Per-group calculations — when window vs GROUP BY

  • GROUP BY: collapse to one row per group. You lose the original rows.
  • Window function (OVER PARTITION BY): compute per group but keep all original rows.

Common pattern: compute in a window, filter, then aggregate.

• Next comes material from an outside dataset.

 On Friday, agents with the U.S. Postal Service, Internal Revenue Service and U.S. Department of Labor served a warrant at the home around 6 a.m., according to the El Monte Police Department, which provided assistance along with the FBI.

Example: "average revenue per customer's top 3 orders" — window-rank, filter to rank ≤ 3, then group + avg.

Time-based analysis

  • Period bucketing: DATE_TRUNC('month', ts) for monthly aggregation.
  • Filling gaps: LEFT JOIN to dim_date to ensure every day has a row.
  • Period-over-period: LAG with the right ordering.
  • Year-over-year: self-join on year = year - 1, or LAG with offset 12 if monthly.
  • Window over time: cumulative + rolling + same-period-last-year are all just frame variations.

Deduplication

The pattern: ROW_NUMBER over the candidate key with a tiebreaker that picks the "right" duplicate.

dedup pattern
WITH ranked AS (
  SELECT *,
    ROW_NUMBER() OVER (
      PARTITION BY canonical_key
      ORDER BY
        prefer_this DESC,    -- primary preference (e.g. updated_at DESC)
        (col IS NOT NULL) DESC,  -- prefer non-null
        id ASC                -- final tiebreaker — deterministic
    ) AS rn
  FROM source
)
SELECT * FROM ranked WHERE rn = 1;

The final deterministic tiebreaker (a unique column) matters — without it, ties are non-deterministic and re-runs give different "winners."

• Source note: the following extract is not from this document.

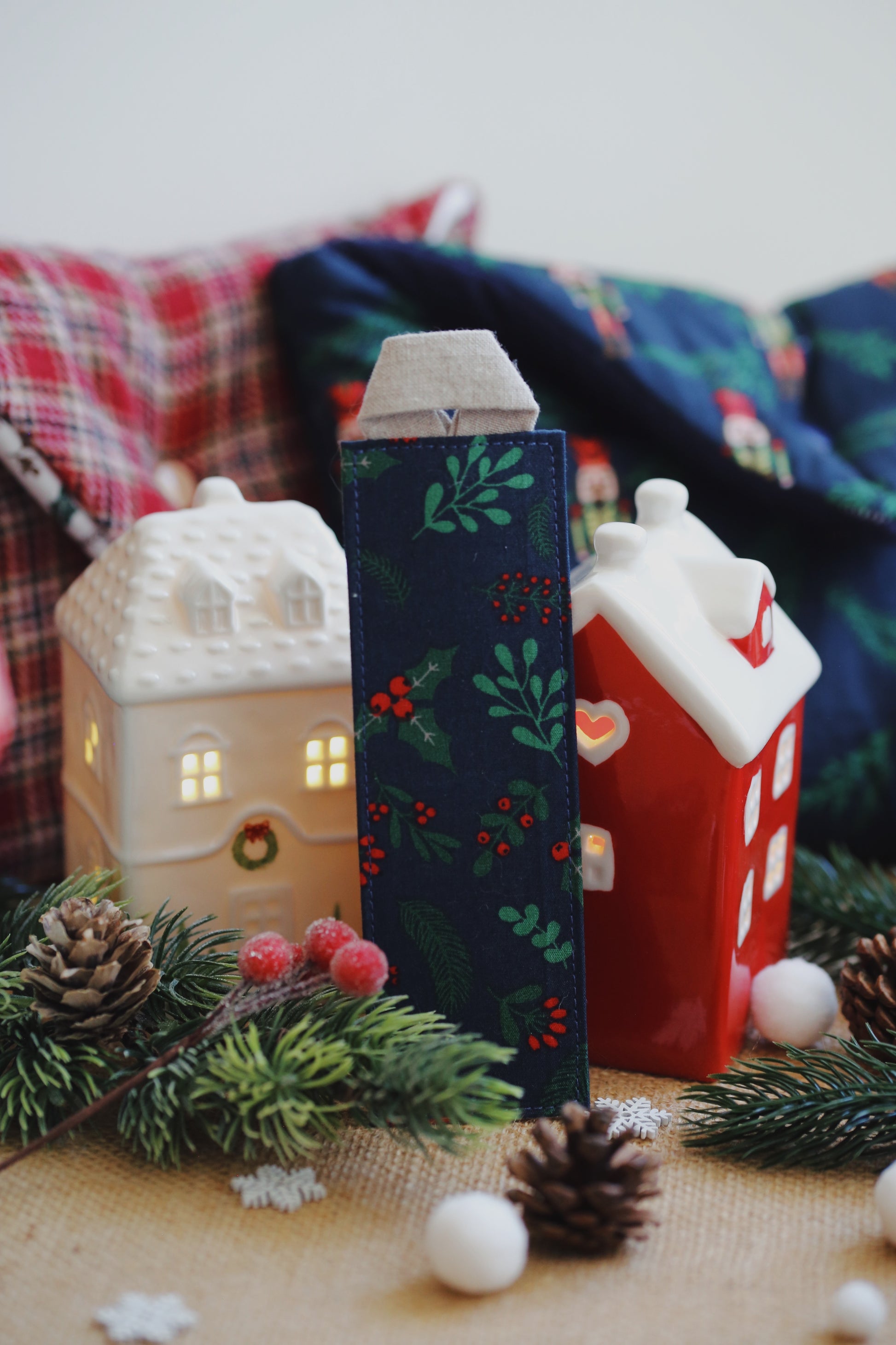 Bookmark made with Oeko-Tex certified fabric. "Holly" print. A fairly stiff paper made in France is sewn inside for better support.

Sequential / funnel analysis

The "what % of users went from step A to step B to step C" pattern.

Canonical approach: one row per user, MIN of timestamp for each event type, then comparisons:

funnel pattern
WITH user_events AS (
  SELECT user_id,
    MIN(CASE WHEN event = 'A' THEN ts END) AS first_a,
    MIN(CASE WHEN event = 'B' THEN ts END) AS first_b,
    MIN(CASE WHEN event = 'C' THEN ts END) AS first_c
  FROM events GROUP BY user_id
)
SELECT
  COUNT(*) AS step_a,
  COUNT(*) FILTER (WHERE first_b >= first_a) AS step_b,  -- B after A
  COUNT(*) FILTER (WHERE first_c >= first_b) AS step_c   -- C after B
FROM user_events
WHERE first_a IS NOT NULL;

Reshape — pivot & unpivot

CASE WHEN pivot works everywhere; PIVOT/UNPIVOT operators are shorter where supported.

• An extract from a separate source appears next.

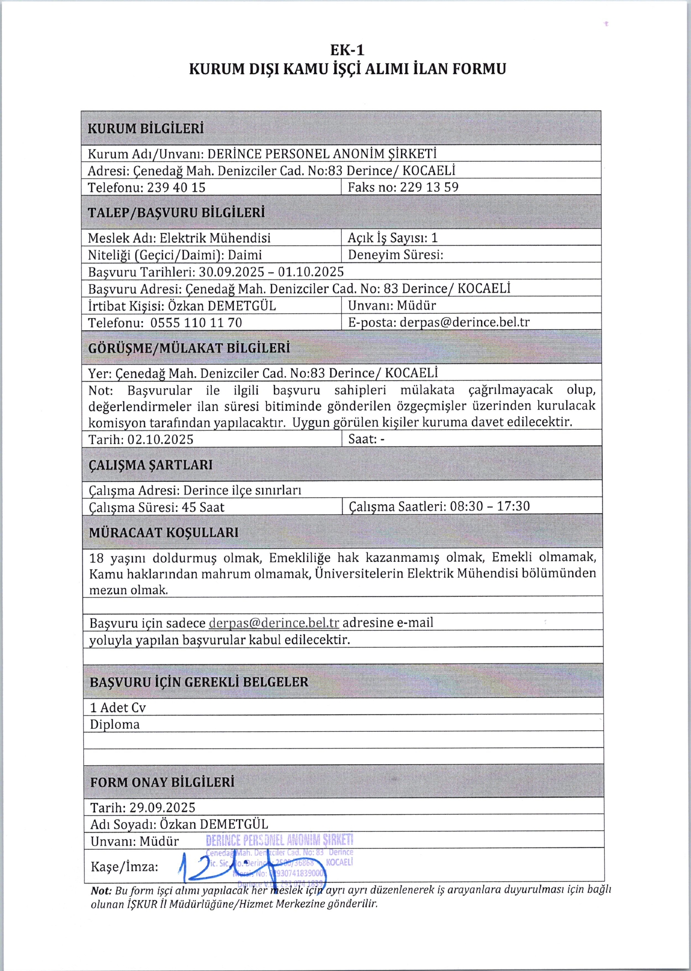 Kocaeli Derince Personel Anonim 1 İşçi Alacak. Son başvuru tarihi 1 Ekim 2025

For dynamic pivot (unknown column values at write time), either generate SQL in app code, use dbt_utils.pivot macro, or just return long format and pivot in the BI tool.

Drill these

Pattern recognition is the high-value drill. 11-sql-problems has worked examples of each pattern with multiple approaches. Solve them on a real warehouse, not in your head.